Gollumiellinae are unique in that they hook their eggs onto the plants and connect a ropey secretion to them, which stand erect. This acts as an attraction mechanism for Paratrechina ants. Gollumiellinae larvae burrow into the hosts' thoraces and feed there. The rest of its life cycle is similar to the aforementioned life cycle of eucharitids. Two Indo‐Pacific genera are included here:
- Anorasema Boucek, 1988
- Gollumiella Hedqvist, 1978

===Akapalinae===
This subfamily is monotypic, containing only the genus Akapala (Girault, 1934).

==Biological control==
Eucharitids are candidates for biological control because each subfamily targets a specific ant genus. On the other hand, some eucharitids, including the genus Kapala, are classified as pests for several different reasons. First, a few days after oviposition occurs, the leaves dry up where each egg was located. Second, tea leaves with such marks reportedly do not have as strong of a flavor as tea leaves without these marks. Third, not all eucharitids have a significant effect on the size of their hosts' colony.
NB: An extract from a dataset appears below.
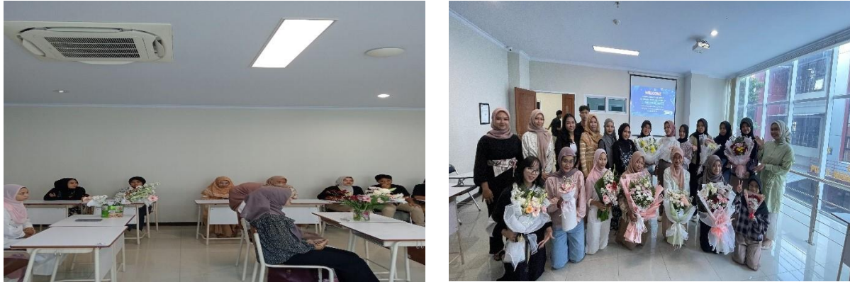
Gambar 2. Dokumentasi Lomba Merangkai Bunga

Orasema species are sometimes used as means of biological control for many ants, including the fire ant and little fire ant, because pesticides can cause damage to the environment, and they do not always work on fire ants. In addition, at least two eucharitid species groups are specialized parasites of these ants. Heraty stated, “Leaving aside the philosophical problems associated with introducing any organism for biological control, I believe that species of Orasema do have potential as biological control agents and deserve more study.”